BEGIN Source data

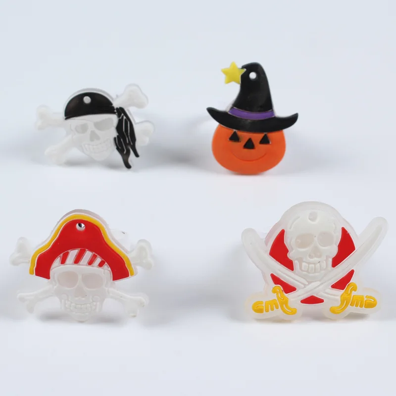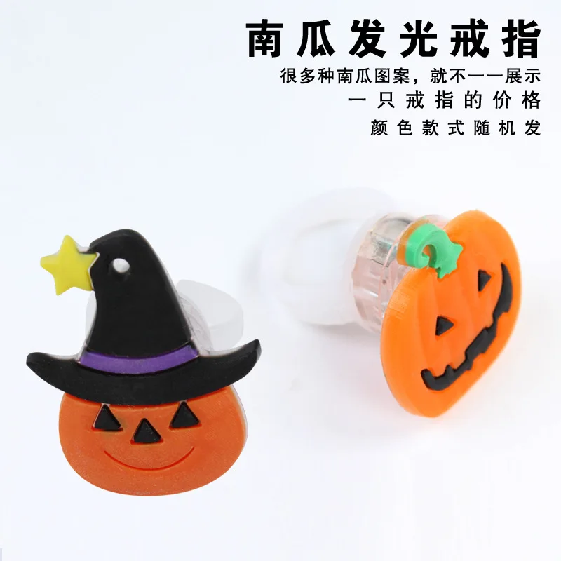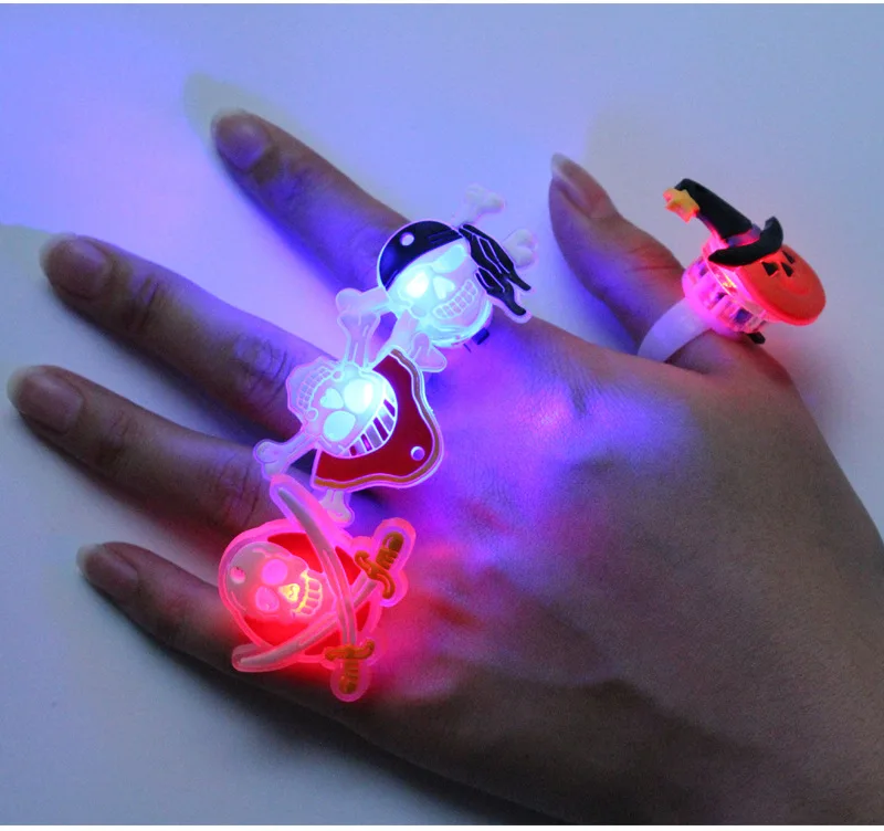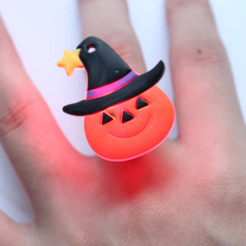 Amawill 5 Pcs Cartoon Halloween Glowing Plastic Ring Skull Pumpkin Luminous Toys Birthday Party Decorations for Kids 8D
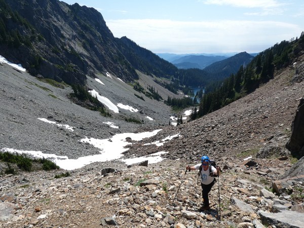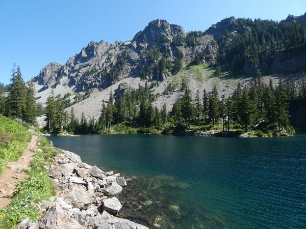 We started off at 7:30 from the Franklin Falls parking lot, following the connector trail and the old Denny Creek TH road to the actual Denny Creek TH. The first stream crossing at the waterslide was easy. From there the trail gets rocky and rugged. The second stream crossing now features a log bridge. We hiked over Hemlock Pass and arrived at Melakwa Lake at approximately 10:30.
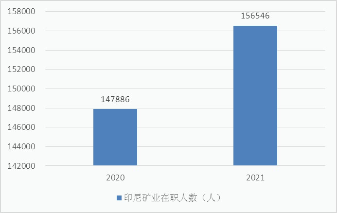 从2020年的矿业从业人数14.7万人增长到2021年的印度尼西亚矿业15.6万从业人员,增长了大约5.8%。
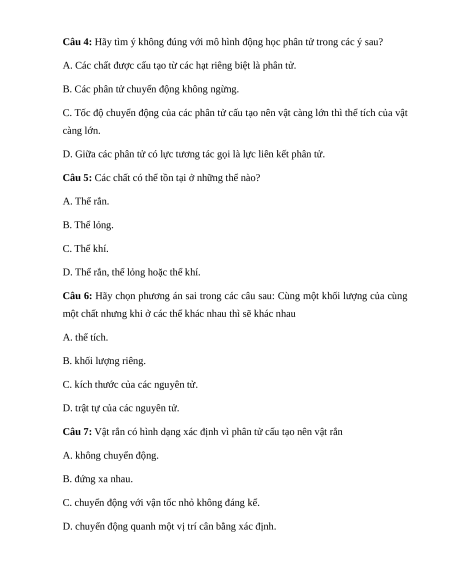 Câu 7: Vật rắn có hình dạng xác định vì phân tử cấu tạo nên vật rắn A. không chuyển động. B. đứng xa nhau.
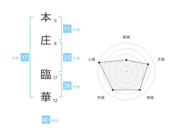 本庄 臨華さんの外格は17画の4点!
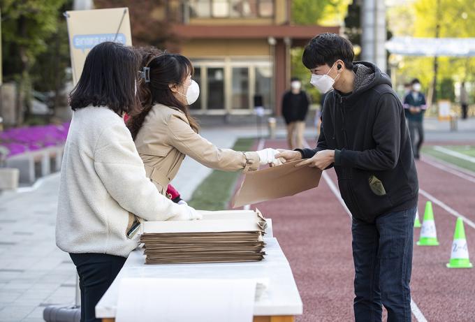 ▲ 2020학년도 첫 대학수학능력시험 모의고사인 3월 전국연합학력평가 실시되는 4월 24일 오전 서울 영등포구 여의도고등학교에서 고등학교 3학년 학생들이 워킹 스루 방식으로 시험지를 배부 받고 있다. [정병혁 기자]
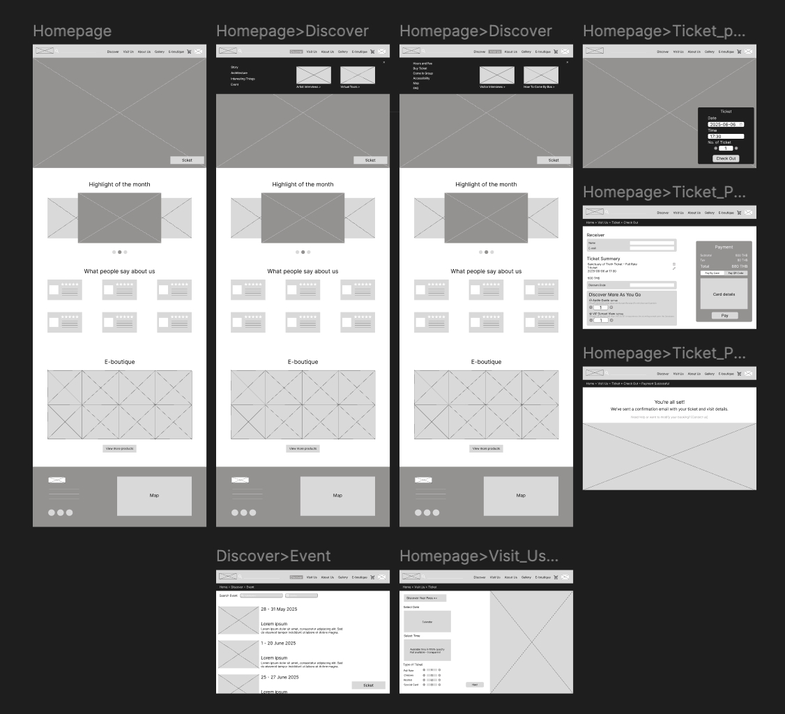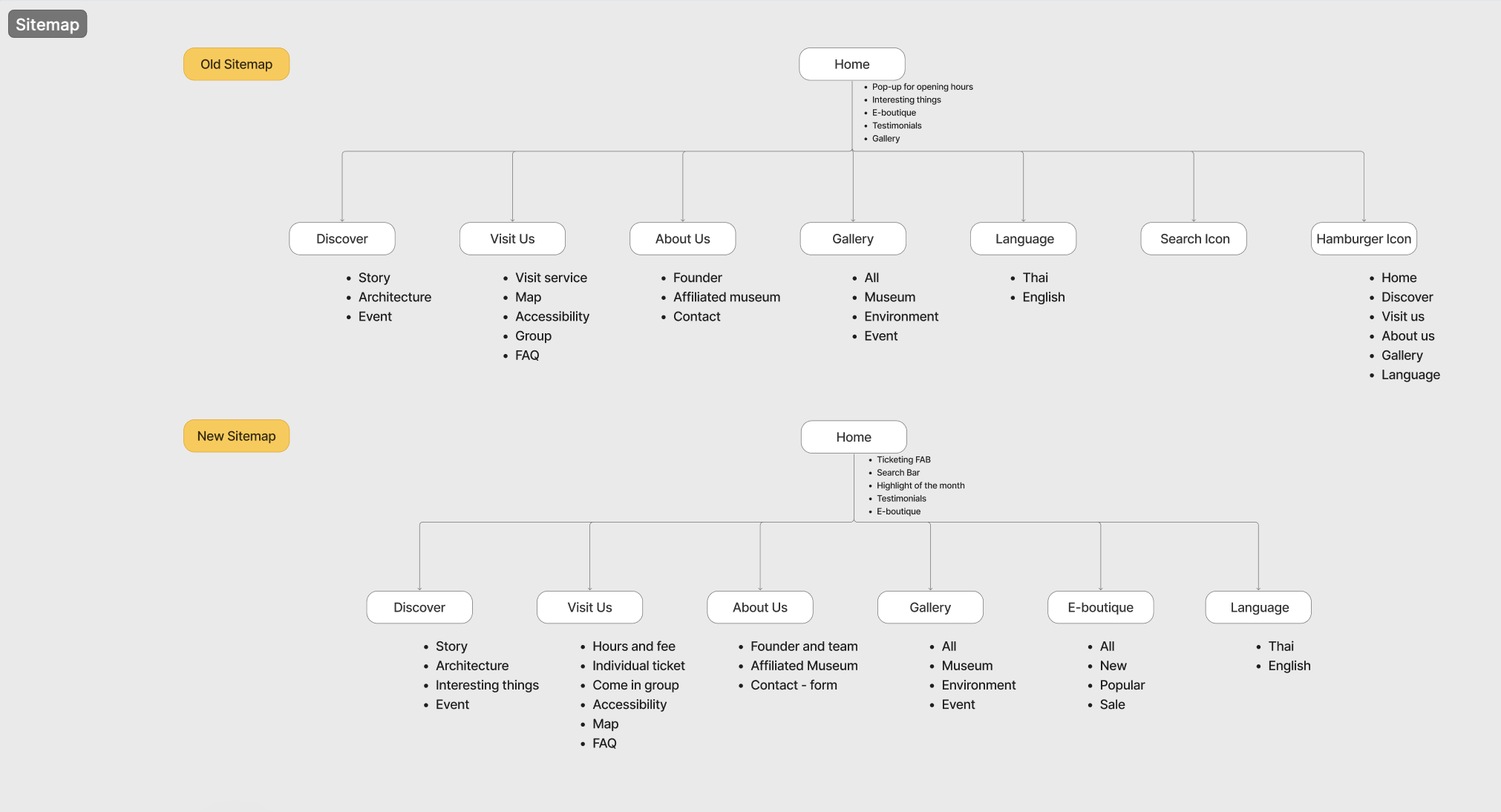 To improve both user navigation and search visibility, I restructured the site’s information architecture with clarity and accessibility in mind. The updated sitemap prioritizes key user action such as discovering highlights, accessing visit information, and purchasing tickets within floating action button (FAB). I grouped culturally rich content under clear categories like “Discover,” while consolidating scattered pages and eliminating dead links. This not only modernizes the browsing experience but also ensures foreign visitors and locals alike can quickly find what they need, enhancing overall engagement and discoverability.
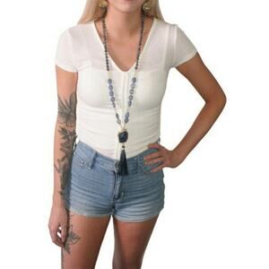 Kevia Vie Boheme Necklace Beads Pendant Statement Geode Tassel New
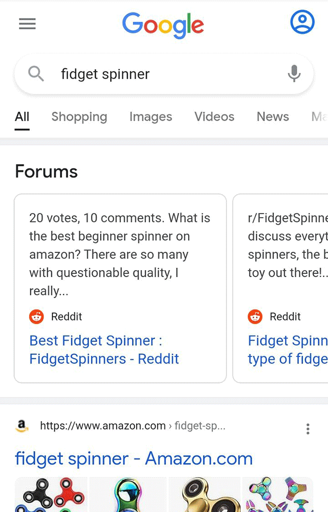 Это напоминает карусель лучших ответов Google, которые тестировались в 2017 году. Правда, у оптимизаторов сегодняшний тест выступает в блоке под названием «Форумы», хотя среди ресурсов могут быть сайты иного формата.
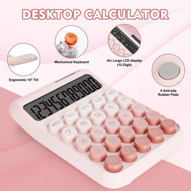 DANRONG Mechanical Switch Calculator with Big Buttons, Calculators Desktop, 12 Digits, Solar Battery Power, Desk Calculator, Large LCD Display, Cute Pink Calculator for Teachers Students Basic Office
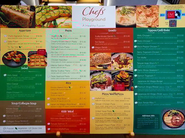 Chefsโ Playground is an all-day dining EuroJapanese cafe/restaurant. On its menu are Pasta, Pizza and Teppan mains as well as Desserts like Creme Brulee, Matcha Cheese Cake, Waffle and Fruit Granola.
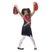 The dress is made from black stretch fabric and features red & white front cross-over stripes, fake blood stains, DED lettering and a tattered edges.
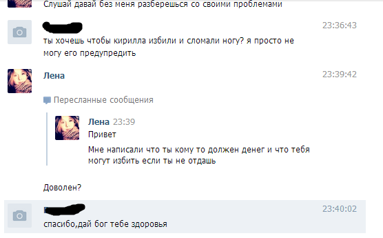 Ну хуле, учитывая, что даже для моего нищебродского заработка с фриланса 250р сумма не большая, решаю помочь посону, все дела, альфа клик всегда под рукой. На следующий день начинает мне пиздеть про экзамены, типо не было времени даже выйти денег на счет кинуть. Потом пропадает на день-два, начинает лить отмазки, мол, нет денег. Всякое бывает, но эта хуйня продолжалась недели полторы. Пишу ему, что могу в любой момент дойти до банка, взять заверение об оплате и вернуть деньги через оператора, и его курва опять уйдет в минуса. Конечно, не делал этого. Опять по доброте душевной и собственной лени.
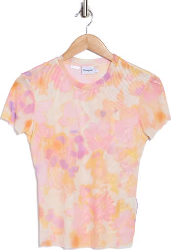 Faded blooms add to the warm romance of this stretchy mesh top framed with short sleeves.
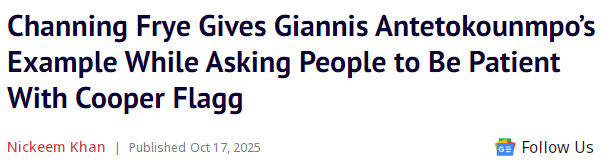 弗莱并非将弗拉格与字母哥相提并论,而是想说明,凭借基德的指导,两人或许能拥有相似的职业生涯发展轨迹。弗拉格目前年仅18岁,有充足的时间成长为一名出色的球员。作为参考,字母哥当年是在22岁时才成功入选全明星,实现职业生涯的关键突破。
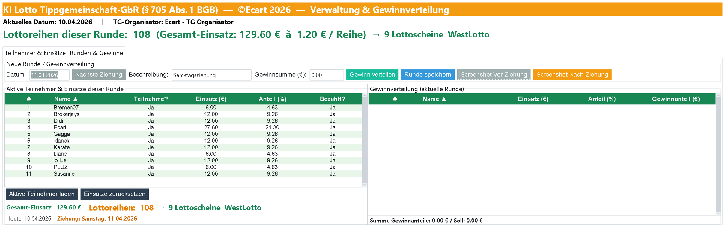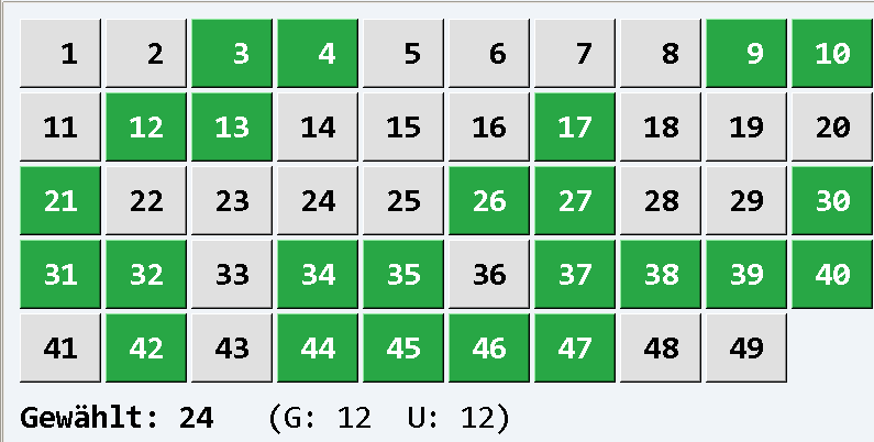 RE: 12 € TG-Einsatz - Lotto 6aus49 - KI Lotto Tool ©Ecart 2026 - Bremen07 - 09.04.2026 Bin auch dabei! 12 € TG-Einsatz - Lotto 6aus49 - KI Lotto Tool ©Ecart 2026 - Ecart - 10.04.2026 Perfekt folgt noch... RE: 12 € TG-Einsatz - Lotto 6aus49 - KI Lotto Tool ©Ecart 2026 - Ecart - 10.04.2026 Fehlt was? RE: 12 € TG-Einsatz - Lotto 6aus49 - KI Lotto Tool ©Ecart 2026 - Ecart - 11.04.2026 3G/3U (nur) 4 Treffer => 17-32-34-46 > 3 mal => 3er RE: 12 € TG-Einsatz - Lotto 6aus49 - KI Lotto Tool ©Ecart 2026 - Thomas360 - 11.04.2026 Edit: Upps, zu spät. ![]() Bei einer Wiederholung, gerne mit 6€ dabei - wenn Platz ist. |

END Source data

Would you please output only the lines from the start of the material above up to and including the line with "Это напоминает карусель", exactly as they appear and without pictures?

# Task output
 Amawill 5 Pcs Cartoon Halloween Glowing Plastic Ring Skull Pumpkin Luminous Toys Birthday Party Decorations for Kids 8D
 We started off at 7:30 from the Franklin Falls parking lot, following the connector trail and the old Denny Creek TH road to the actual Denny Creek TH. The first stream crossing at the waterslide was easy. From there the trail gets rocky and rugged. The second stream crossing now features a log bridge. We hiked over Hemlock Pass and arrived at Melakwa Lake at approximately 10:30.
 从2020年的矿业从业人数14.7万人增长到2021年的印度尼西亚矿业15.6万从业人员,增长了大约5.8%。
 Câu 7: Vật rắn có hình dạng xác định vì phân tử cấu tạo nên vật rắn A. không chuyển động. B. đứng xa nhau.
 本庄 臨華さんの外格は17画の4点!
 ▲ 2020학년도 첫 대학수학능력시험 모의고사인 3월 전국연합학력평가 실시되는 4월 24일 오전 서울 영등포구 여의도고등학교에서 고등학교 3학년 학생들이 워킹 스루 방식으로 시험지를 배부 받고 있다. [정병혁 기자]
 To improve both user navigation and search visibility, I restructured the site’s information architecture with clarity and accessibility in mind. The updated sitemap prioritizes key user action such as discovering highlights, accessing visit information, and purchasing tickets within floating action button (FAB). I grouped culturally rich content under clear categories like “Discover,” while consolidating scattered pages and eliminating dead links. This not only modernizes the browsing experience but also ensures foreign visitors and locals alike can quickly find what they need, enhancing overall engagement and discoverability.
 Kevia Vie Boheme Necklace Beads Pendant Statement Geode Tassel New
 Это напоминает карусель лучших ответов Google, которые тестировались в 2017 году. Правда, у оптимизаторов сегодняшний тест выступает в блоке под названием «Форумы», хотя среди ресурсов могут быть сайты иного формата.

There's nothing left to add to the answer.